In [1]:
from pyspark import SparkConf, SparkContext
conf = SparkConf().setMaster("local").setAppName("DegreesOfSeparation")
sc = SparkContext(conf = conf)

In [2]:
# Set the characters we wish to find the degree of separation between 

In [41]:
startCharacterID = 5306 # Spiderman
targetCharacterID = 467 # BERSERKER II 859 #CAPTAIN AMERICA 14 # Adam

An accumulator allows many executors to increment a shared variable. 
counter = sc.accumulator(0) sets up a shared accumulator with initial value of 0. We can increment this value upon iteration and check for specific conditions once after iteration.

In [42]:
counter = sc.accumulator(0)

Breadth-First Search(BFS)

In [43]:
# BFS implementation

def convertToBFS(line):
    fields = line.split()
    heroID = int(fields[0])
    connections = []
    for connection in fields[1:]:
        connections.append(int(connection))
    color = 'WHITE'
    distance = 9999
    if(heroID == startCharacterID):
        color = 'GRAY'
    distance = 0
    return (heroID,(connections,distance,color))

In [44]:
def createStartingRdd():
    inputFile = sc.textFile("file:///C:/Users/dennis/Spark/Spark/resources/Marvel-Graph.txt")
    return inputFile.map(convertToBFS)

In [45]:
def bfsMap(node):
    characterID = node[0]
    data = node[1]
    connections = data[0]
    distance = data[1]
    color = data[2]

    results = []
    #If this node needs to be expanded...
    if (color == 'GRAY'):
        for connection in connections:
            newCharacterID = connection
            newDistance = distance + 1
            newColor = 'GRAY'
            if (targetCharacterID == connection):
                counter.add(1)

            newEntry = (newCharacterID, ([], newDistance, newColor))
            results.append(newEntry)

        #We've processed this node, so color it black
        color = 'BLACK'

    #Emit the input node so we don't lose it.
    results.append( (characterID, (connections, distance, color)) )
    return results

In [46]:
def bfsReduce(data1, data2):
    edges1 = data1[0]
    edges2 = data2[0]
    distance1 = data1[1]
    distance2 = data2[1]
    color1 = data1[2]
    color2 = data2[2]

    distance = 9999
    color = color1
    edges = []

    # See if one is the original node with its connections.
    # If so preserve them.
    if (len(edges1) > 0):
        edges.extend(edges1)
    if (len(edges2) > 0):
        edges.extend(edges2)

    # Preserve minimum distance
    if (distance1 < distance):
        distance = distance1

    if (distance2 < distance):
        distance = distance2

    # Preserve darkest color
    if (color1 == 'WHITE' and (color2 == 'GRAY' or color2 == 'BLACK')):
        color = color2

    if (color1 == 'GRAY' and color2 == 'BLACK'):
        color = color2

    if (color2 == 'WHITE' and (color1 == 'GRAY' or color1 == 'BLACK')):
        color = color1

    if (color2 == 'GRAY' and color1 == 'BLACK'):
        color = color1

    return (edges, distance, color)

In [47]:
#Main program here:
iterationRdd = createStartingRdd()

In [48]:
for iteration in range(0, 100):
    print("Running BFS iteration# " + str(iteration+1))

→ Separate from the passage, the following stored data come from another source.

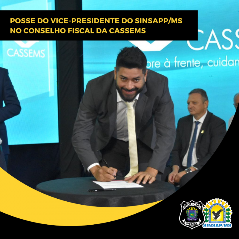 O vice-presidente do SINSAPP/MS, Hernandes Alves, tomou posse no Conselho Fiscal (Suplente) da Cassems, em solenidade realizada nesta quinta-feira (13). O novo Conselho de Administração e Fiscal foi eleito no dia 1º de março para Gestão 2023/2027, com 95% dos votos.
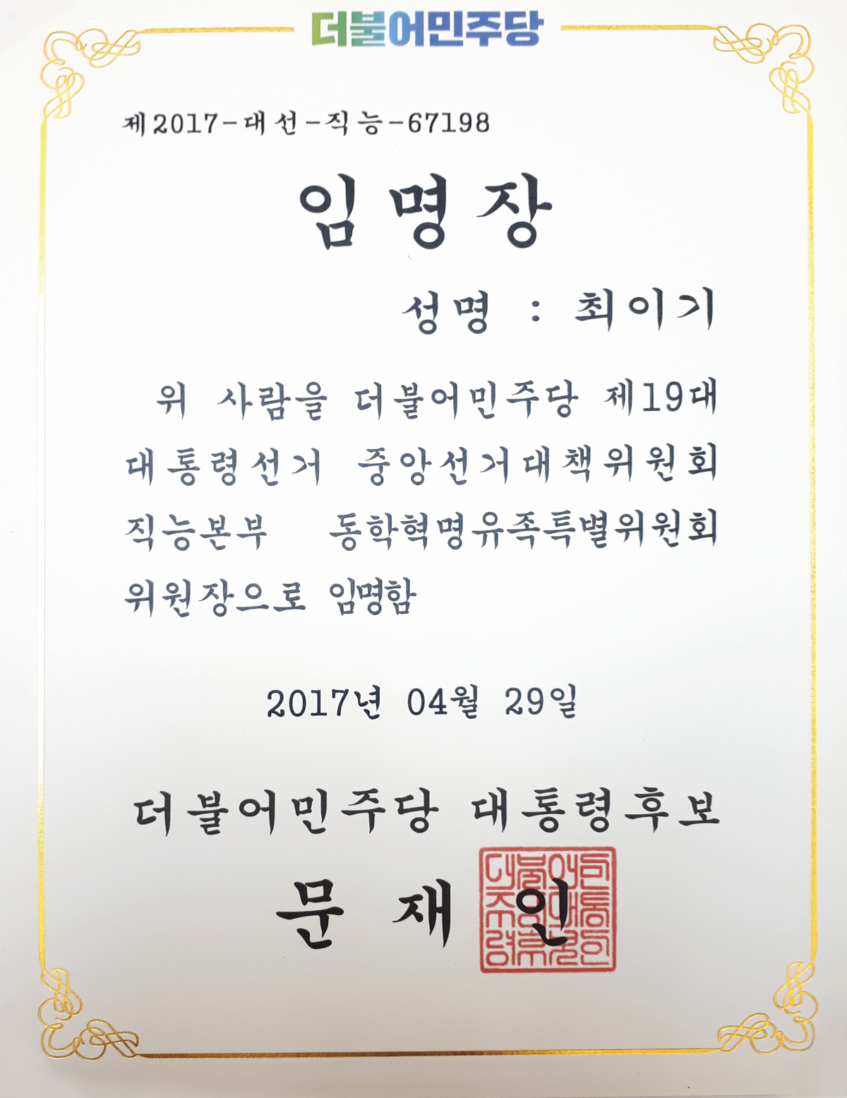 동학혁명유족특별위원회 위원장 임명장
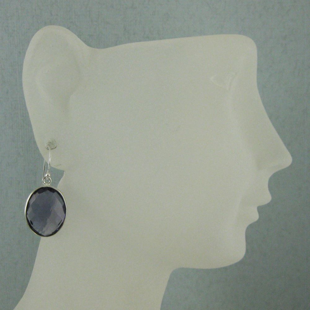 Bezel Gemstone Oval Shaped Pendant Earrings - Sterling Silver Hooks - Iolite Quartz
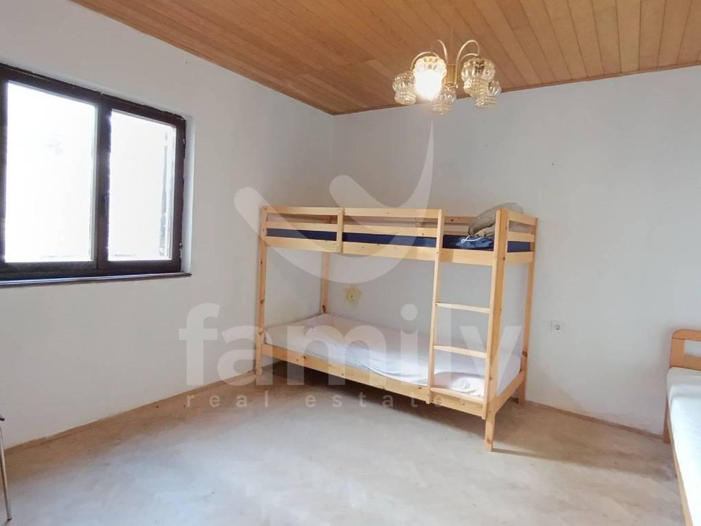 In Vodnjan, there is an apartment on the ground floor of a building consisting of two bedrooms, a living room, a kitchen, a pantry, a bathroom, a toilet, a hall and a hallway, with a total area of 73 m2. The apartment also has a storage room in the hallway of the building of 3m2. The building has an entrance to the southeast and northwest and its own parking lot separated from the road by a large stone wall.
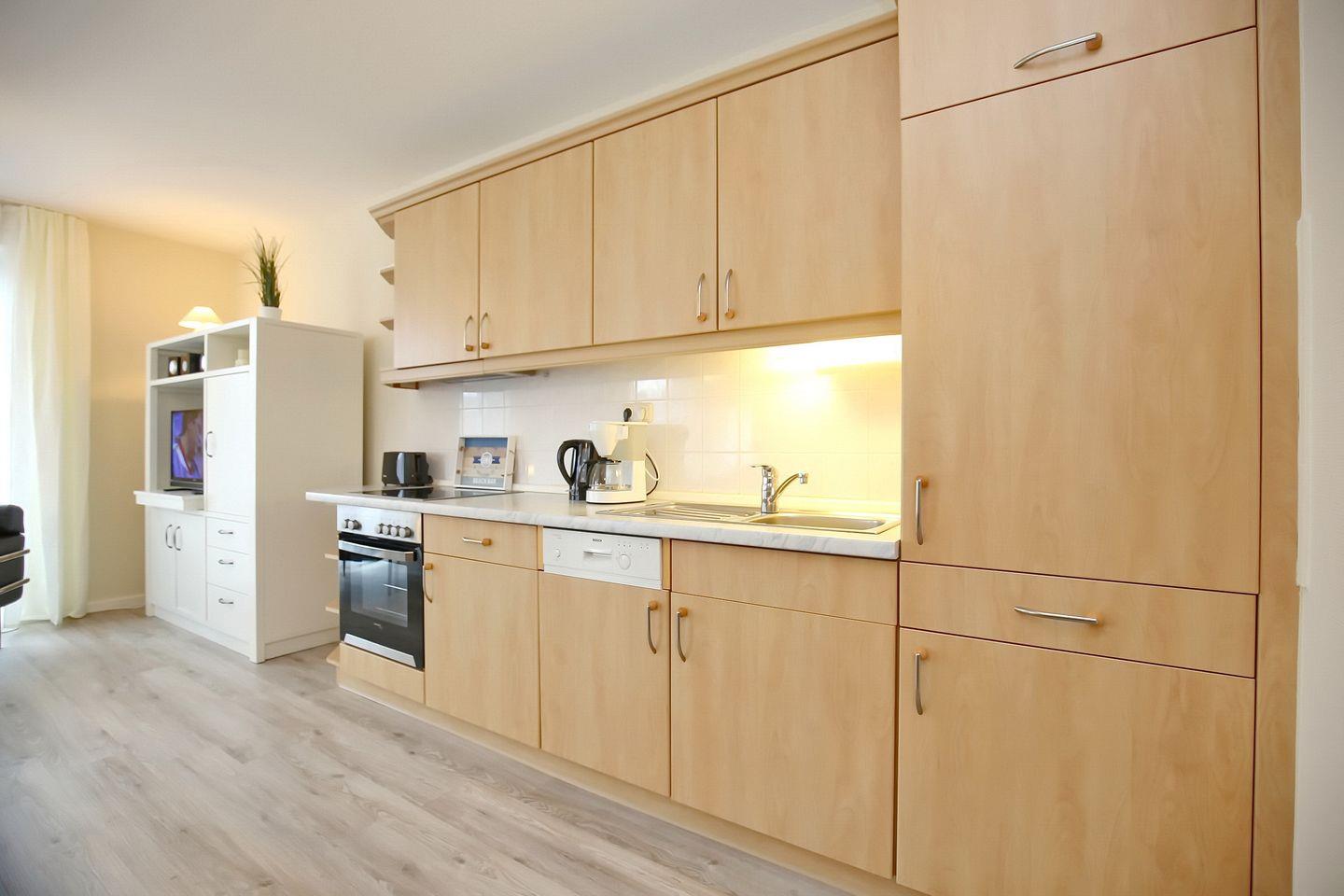 In der modernen Küchenzeile verfügst du neben einem Einbauherd mit einem 4-Platten-Cerankochfeld und Backofen, über eine Dunstabzugshaube, Kühlschrank mit Gefrierfach, diverse Küchengeräte, Mikrowelle und Geschirrspüler. In der gegenüberliegenden Essecke kannst du die gemeinsamen Mahlzeiten einnehmen oder in gemütlicher Runde einen Spieleabend verbringen.

    # Create new vertices as needed to darken or reduce distances in the
    # reduce stage. If we encounter the node we're looking for as a GRAY
    # node, increment our accumulator to signal that we're done.
    mapped = iterationRdd.flatMap(bfsMap)

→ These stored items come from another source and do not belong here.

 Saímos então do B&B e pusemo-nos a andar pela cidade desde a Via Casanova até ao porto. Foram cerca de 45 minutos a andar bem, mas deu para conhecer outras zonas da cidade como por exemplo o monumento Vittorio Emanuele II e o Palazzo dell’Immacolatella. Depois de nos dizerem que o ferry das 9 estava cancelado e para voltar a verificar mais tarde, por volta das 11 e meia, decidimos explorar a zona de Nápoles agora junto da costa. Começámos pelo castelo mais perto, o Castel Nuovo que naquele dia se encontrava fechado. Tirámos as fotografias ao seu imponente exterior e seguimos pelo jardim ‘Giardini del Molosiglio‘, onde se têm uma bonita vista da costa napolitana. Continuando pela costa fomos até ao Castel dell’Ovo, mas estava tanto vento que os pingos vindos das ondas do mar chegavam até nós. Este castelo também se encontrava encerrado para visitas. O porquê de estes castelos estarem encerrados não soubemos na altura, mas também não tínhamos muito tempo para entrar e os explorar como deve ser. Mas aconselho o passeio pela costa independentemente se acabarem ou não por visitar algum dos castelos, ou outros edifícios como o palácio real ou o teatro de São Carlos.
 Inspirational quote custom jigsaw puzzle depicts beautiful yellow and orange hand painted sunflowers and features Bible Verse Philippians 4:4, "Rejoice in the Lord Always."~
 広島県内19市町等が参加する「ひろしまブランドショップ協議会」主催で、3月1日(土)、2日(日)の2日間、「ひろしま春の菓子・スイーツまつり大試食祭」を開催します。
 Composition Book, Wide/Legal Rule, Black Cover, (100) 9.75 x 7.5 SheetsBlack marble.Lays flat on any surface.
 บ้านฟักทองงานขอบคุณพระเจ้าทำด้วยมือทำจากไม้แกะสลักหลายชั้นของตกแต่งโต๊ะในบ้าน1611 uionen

    # Note that mapped.count() action here forces the RDD to be evaluated, and
    # that's the only reason our accumulator is actually updated.
    print("Processing " + str(mapped.count()) + " values.")

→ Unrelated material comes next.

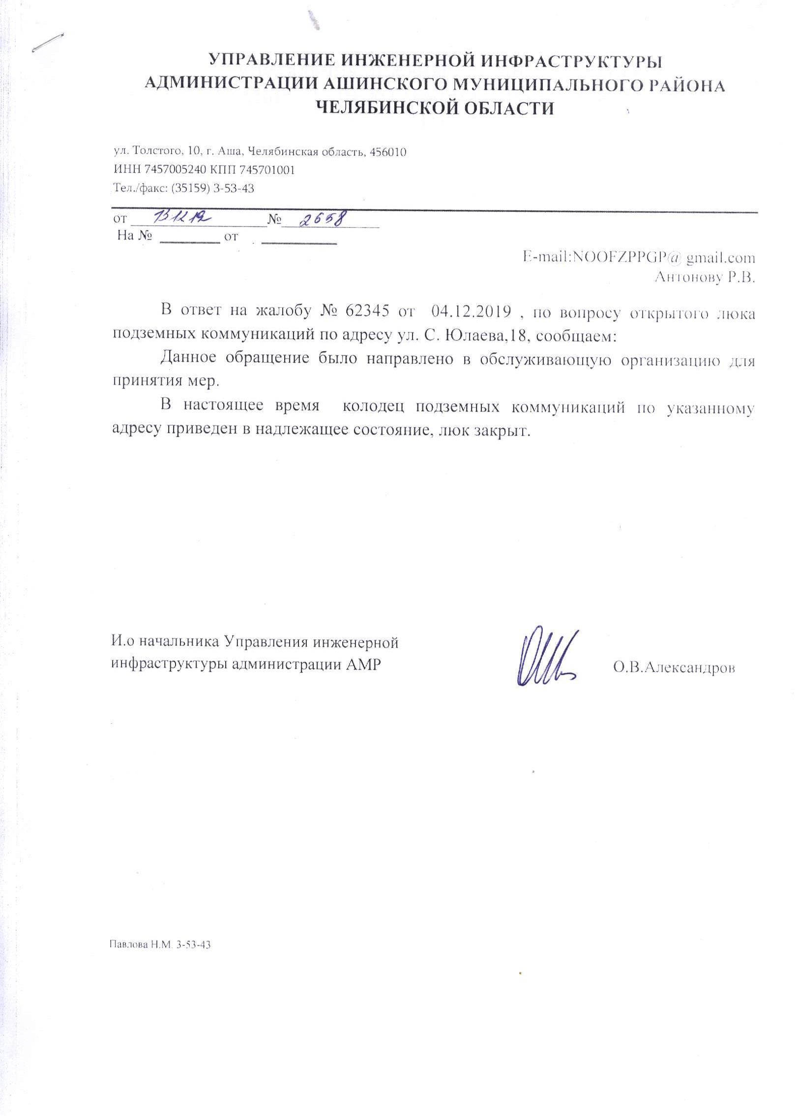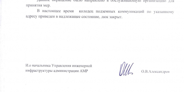 Номер жалобы:62345 Тип жалобы:Прочее Название объекта: Регион:Челябинская область Город:Аша Адрес:улица Салавата Юлаева, 18 Описание жалобы:Открытый люк возле жилого дома Статус:

    if (counter.value > 0):
        print("Hit the target character! From " + str(counter.value) \
            + " different direction(s).")
        break

    # Reducer combines data for each character ID, preserving the darkest
    # color and shortest path.
    iterationRdd = mapped.reduceByKey(bfsReduce)

Running BFS iteration# 1
Processing 8330 values.
Running BFS iteration# 2
Processing 220615 values.
Running BFS iteration# 3
Processing 126747 values.
Running BFS iteration# 4
Processing 6777 values.
Running BFS iteration# 5
Processing 6486 values.
Running BFS iteration# 6
Processing 6486 values.
Running BFS iteration# 7
Processing 6486 values.
Running BFS iteration# 8
Processing 6486 values.
Running BFS iteration# 9
Processing 6486 values.
Running BFS iteration# 10
Processing 6486 values.
Running BFS iteration# 11
Processing 6486 values.
Running BFS iteration# 12
Processing 6486 values.
Running BFS iteration# 13
Processing 6486 values.
Running BFS iteration# 14
Processing 6486 values.
Running BFS iteration# 15
Processing 6486 values.
Running BFS iteration# 16
Processing 6486 values.
Running BFS iteration# 17
Processing 6486 values.
Running BFS iteration# 18
Processing 6486 values.
Running BFS iteration# 19
Processing 6486 values.
Running BFS iteration# 20
Processing 6486 values.
Runni